Yarn resource cluster management [root@hadoop2 ~] # yarn rmadmin # resourcemanager client Usage: yarn rmadmin-refreshQueues # reload queue acl, status and scheduler queue-refreshNodes # refresh host information for RM-refreshSuperUserGroupsConfiguration-refreshUserToGroupsMappings-refreshAdminAcls-refreshServiceAcl-addToClusterNodeLabels [label1,label2,label3] (label splitted by ",")-removeFromClusterNodeLabels [label1,label2,label3] (label splitted by ",")-replaceLabelsOnNode [node1 [: port] = label1,label2 node2 [: port] = label1 Label2]-directlyAccessNodeLabelStore-transitionToActive [--forceactive] # rm Node failover-transitionToStandby-failover [--forcefence] [--forceactive]-getServiceState # check the current rm status-checkHealth-help [cmd] ha hadoop startup process: first startup after installation.

Build a cluster environment:

Step 1: start the zookeeper service. Because ha hadoop relies on zookeeper services.

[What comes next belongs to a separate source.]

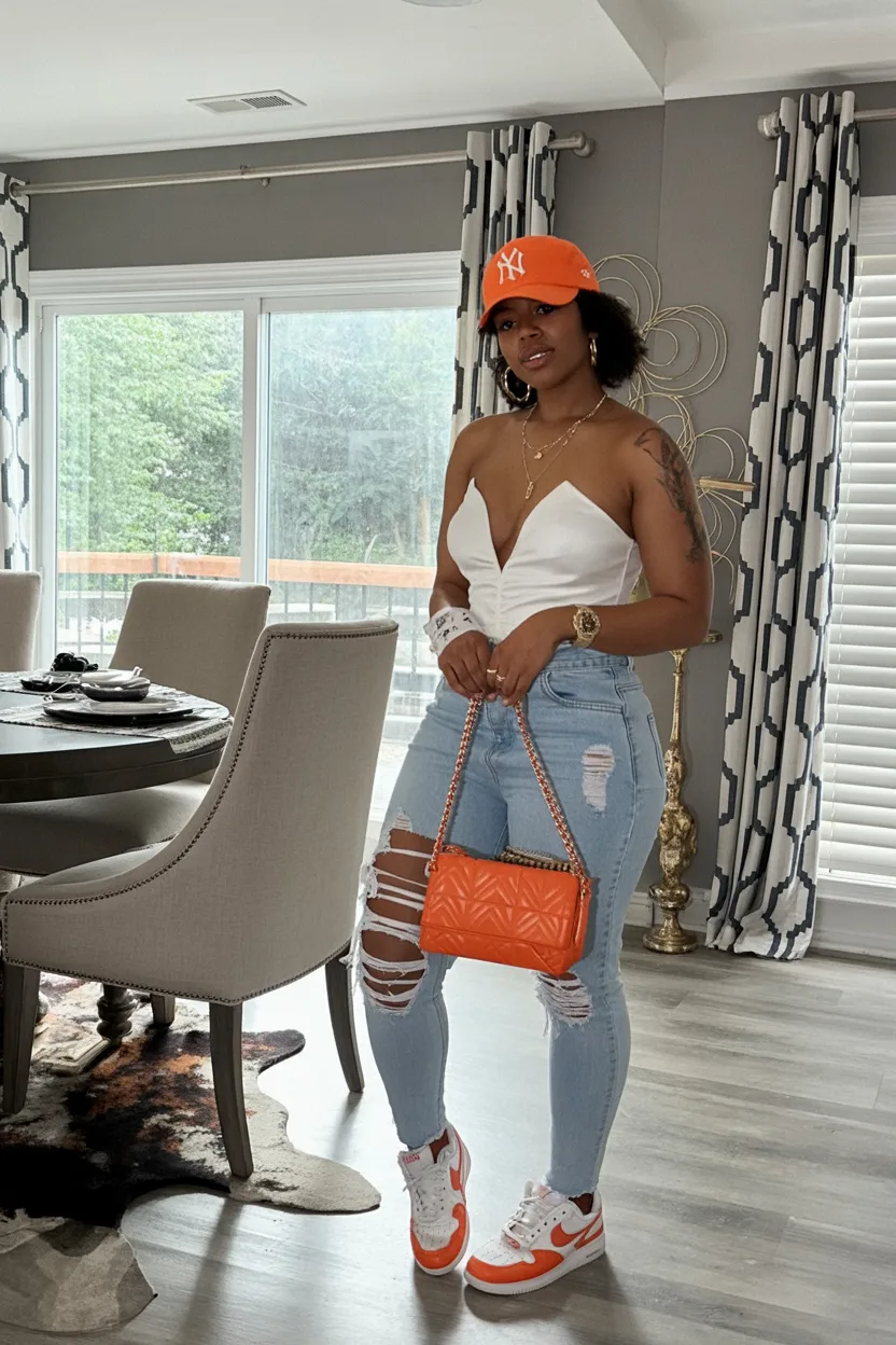 This is such a smart option for women who like fitted silhouettes but still want comfort and movement. The ripped jeans add texture and shape, while the bold orange accessories do all the heavy lifting, so you don’t need extra layers or complicated styling. It works beautifully for Black women who love color-coordinated details and sporty pieces with edge. A look like this feels especially current because statement sneakers and baseball caps keep pushing streetwear into more styled, grown-up territory. Keep your jewelry simple and let the orange accents carry the mood.

Step 2:hadoop to start the journalnode log service

Format namenode on hadoop1, only when you start it for the first time. The appearance of this message indicates success.

Hdfs namenode-format

Start the namenode node on node 1. Due to the use of the NN node in the active / standby mode, the nn node on the hadoop2 will not start due to lack of metadata information, so you need to manually synchronize the primary metadata.

Hadoop1:hadoop-daemon.sh start namenode

Hadoop2:hdfs namenode-bootstrapStandby, when starting nn

Format zkfc on hadoop1 without error and success (only before the first boot, no format is required for subsequent startup). (if you do not do this, namenode will not be able to register with zookeeper, and there will be a status where both namenode are ready.

Hdfs zkfc-formatZK

Hadoop-daemon.sh start zkfc # start the failover node service, otherwise the current state is standby!

Then you can start the hdfs and yarn services of each node

Check whether the service processes of each node are running properly.

Webgui access

Welcome to subscribe "Shulou Technology Information " to get latest news, interesting things and hot topics in the IT industry, and controls the hottest and latest Internet news, technology news and IT industry trends.

*The comments in the above article only represent the author's personal views and do not represent the views and positions of this website. If you have more insights, please feel free to contribute and share.